The latest policy brief that “summarizes the main takeaways from new wave” of chapters for the IMF’s CBDC Handbook warns that CBDCs could be perceived as an instrument for state surveillance where people’s transaction histories, demographics, and behavioral patterns are collected, processed, and stored.
According to the brief, “Central Bank Digital Currency: Progress And Further Considerations:”
“CBDC, as a digital form of central bank money, may allow for a ‘digital trail’—data—to be accessed, collected, processed and stored.
“In contrast to cash, CBDC could be designed to potentially include a wealth of personal data encapsulating transaction histories, user demographics, and behavioral patterns.
“Personal data could establish a link between counterparty identities and transactions.”
A CBDC will never be as private or anonymous as cash, according to European Central Bank president Christine Lagarde.
One of the reasons is that because in order for a CBDC to operate, everyone must have some form of digital identity.
According to the Bank for International Settlements (BIS) Annual Economic Report 2021:
“Identification at some level is hence central in the design of CBDCs. This calls for a CBDC that is account-based and ultimately tied to a digital identity.”
And, “The most promising way of providing central bank money in the digital age is an account-based CBDC built on digital ID with official sector involvement.”
With digital ID being inextricably-linked to CBDC, the latest policy brief from the IMF states that:
“A certain degree of information on the identity of users and transactions is required to satisfy anti-money laundering and combatting the financing of terrorism (AML/CFT) requirements; therefore, countries need to carefully consider whether privacy by design choices allow for effective mitigation of money laundering and terrorism financing risks.“
The potential risks of a fully-programmable CBDC backed by digital ID are vast.
The policy brief lists several risks to privacy, cybersecurity, and government overreach:
“CBDC data use, however, could pose risks to privacy, which in turn can undermine the trust in central bank money. Privacy can include the protection of someone’s personal space and the right to be left alone, the control over and safeguarding of one’s personal information, and an aspect of dignity, autonomy, and ultimately human freedom.
“If poorly designed or managed, CBDC personal data use could pose risks to privacy, arising from events such as data leakages, data abuses, and cyber-attacks, thus also negatively affecting CBDC adoption.”
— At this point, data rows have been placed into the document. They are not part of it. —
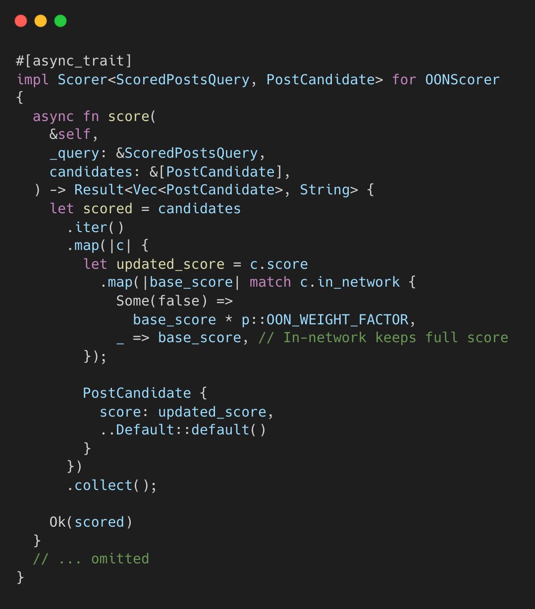Finally, OONScorer penalizes posts from accounts you don’t follow.
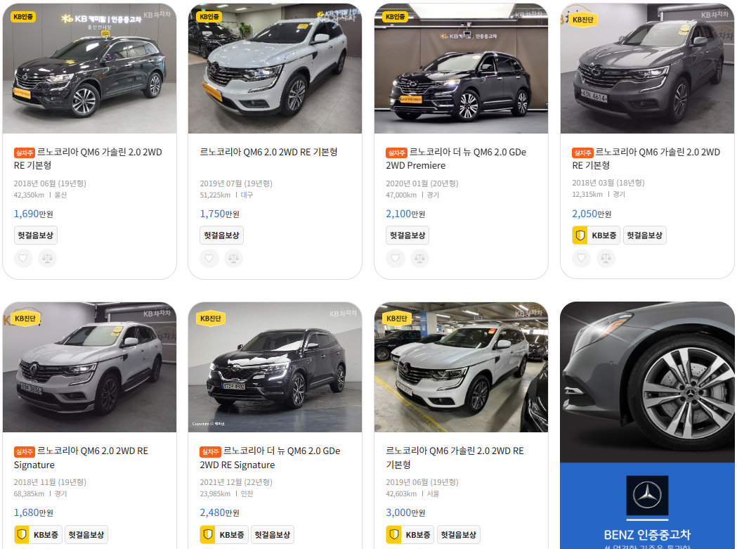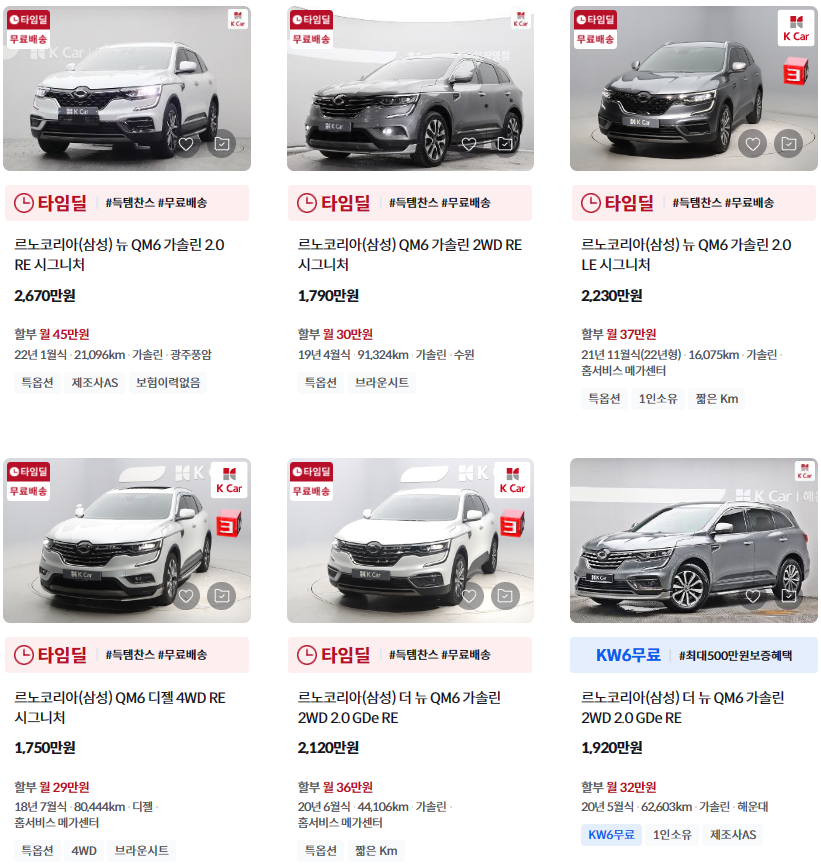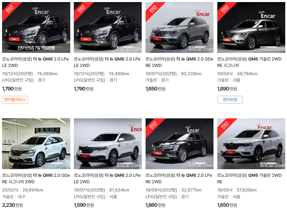 QM6 중고차 가격 및 시세에 대해 정리해봅니다. 르노 코리아 삼성자동차 QM6는 2016년 출시 당시 사전예약이 2만대를 돌파하는 기염을 보여주면서 중형SUV 시장에서 이슈를 이끌었던 차종입니다. 삼성 특유의 차별화된 디자인과 우수한 주행성능, 착한 가격 등 여러가지 장점을 가지고 있어 소비자들에게 크게 호응을 받았습니다. QM6 중고차 가격과 시세를 알아보도록 하겠습니다.
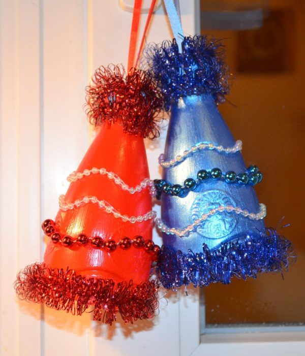 Остается покрасить их акриловыми красками и повязать красивый бантик. Еще одна поделка к Новому 2019 году готова, которая доказывает, что из всякой всячины можно сделать своими руками много интересного.
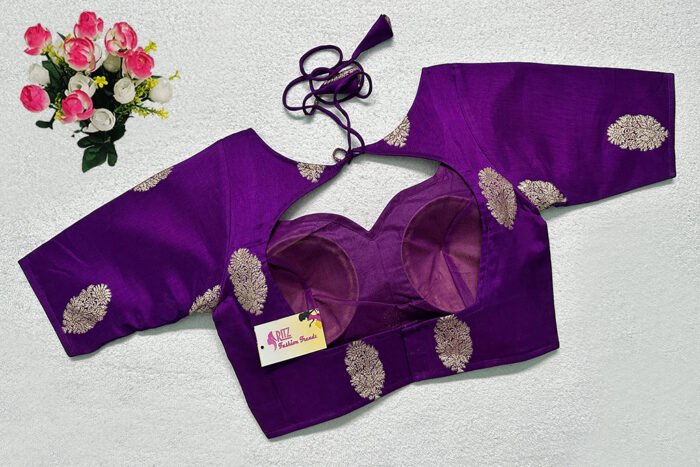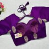 This is a Purple Color Russian Silk Blouse. This is Sweetheart Neckline in Frontside & Keyhole Neckline in Backside with Tie-Up. This is a Princess Cut, Padded, Glass Sleeve Blouse with Back Open. You can team it up with any contrast-colored Traditional/Printed Saree.

The authors go on to warn:
“CBDC could be perceived as an instrument for state surveillance. Some may worry that the government or the central bank could use it to control or restrict payments users can make with CBDC, thereby undermining public trust in central bank money.
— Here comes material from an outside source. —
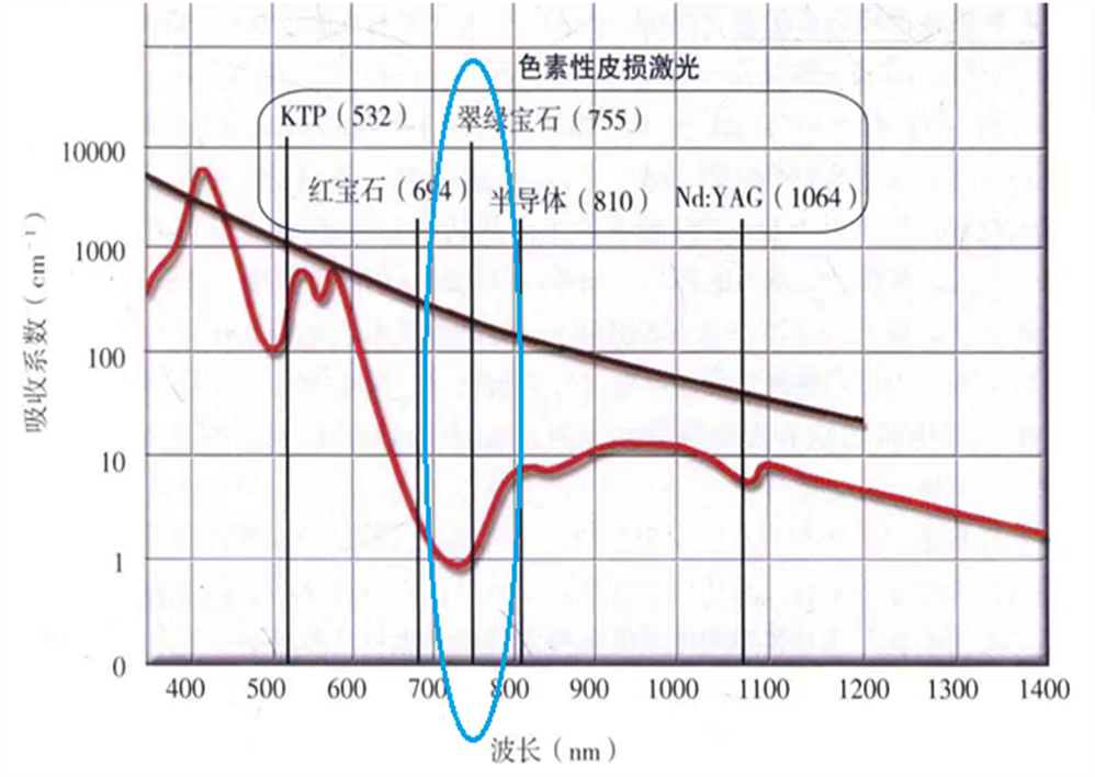 Berdasarkan spektrum penyerapan melanin, jelas bahwa melanin menyerap lebih banyak cahaya pada 755nm dibandingkan dengan 1064nm. Namun, kedalaman penetrasi laser 755nm di kulit secara signifikan lebih sedikit dari laser 1064nm.

“This can be a particular concern in countries with severe governance and corruption vulnerabilities.”
Apart from the data collection, surveillance, and cyber concerns, the notion of CBDC programmability is touted as being good for business, but it can also be used to restrict what you can buy and sell, when you can transact, and where.
The CBDC Handbook is intended for “medium- to high-level policymakers in central banks and ministries of finance, and to some extent in other government agencies.”
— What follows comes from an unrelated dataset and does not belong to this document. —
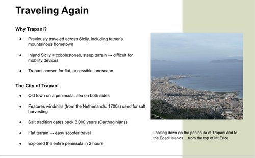 Now I had traveled to Sicily many times and had covered most of the island, including the area where my father was from, which was the center of the most part of the island. There it is very mountainous, and the buildings and roads are made of cobblestone. That makes for an extremely uncomfortable and a difficult ride using a mobility device . So I picked a destination that suited me. Trapani is an old town and is a peninsula, so it has the sea on both sides and has something that is very similar to the Netherlands….it is completely FLAT! In fact, they have windmills that were imported from the Netherlands in the 1700s. They are used to evaporate the water for harvesting salt from the sea. They’ve done it for 3000 years since the time of the Carthaginians. So it is an absolutely flat terrain, no hills, few bumps, but basically easy to get around on a scooter. In fact, I was able to go around the entire peninsula in a matter of two hours.
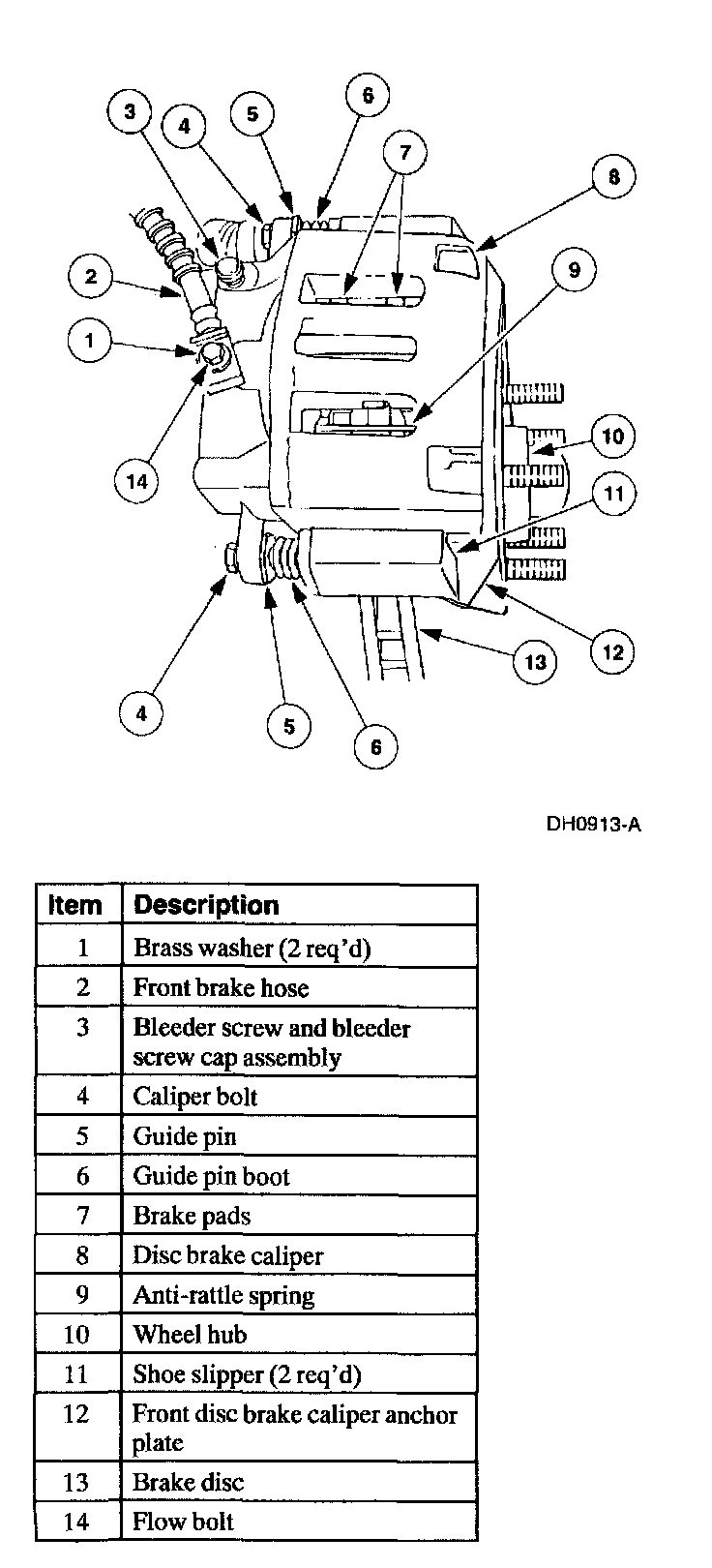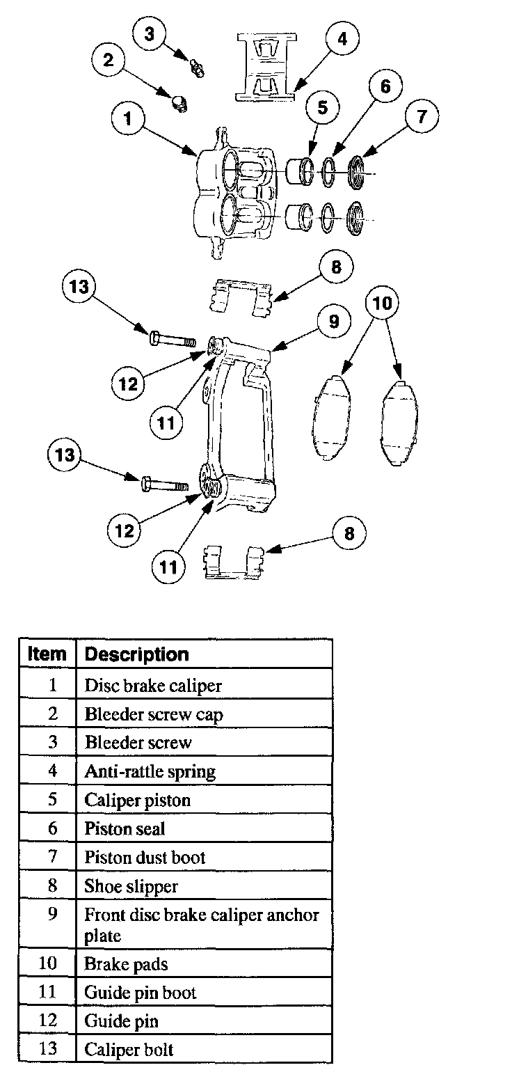 Front Disc Brake Caliper Components

It is planned to be a living document, containing at least 19 chapters to be published incrementally over the coming years.
The Handbook aims to identify the most frequently asked questions related to CBDC, which include:
Despite concerns surrounding privacy, government overreach, and cybersecurity, the latest IMF policy brief confidently highlights, “Countries’ interest in exploring both retail and wholesale CBDC remains strong.”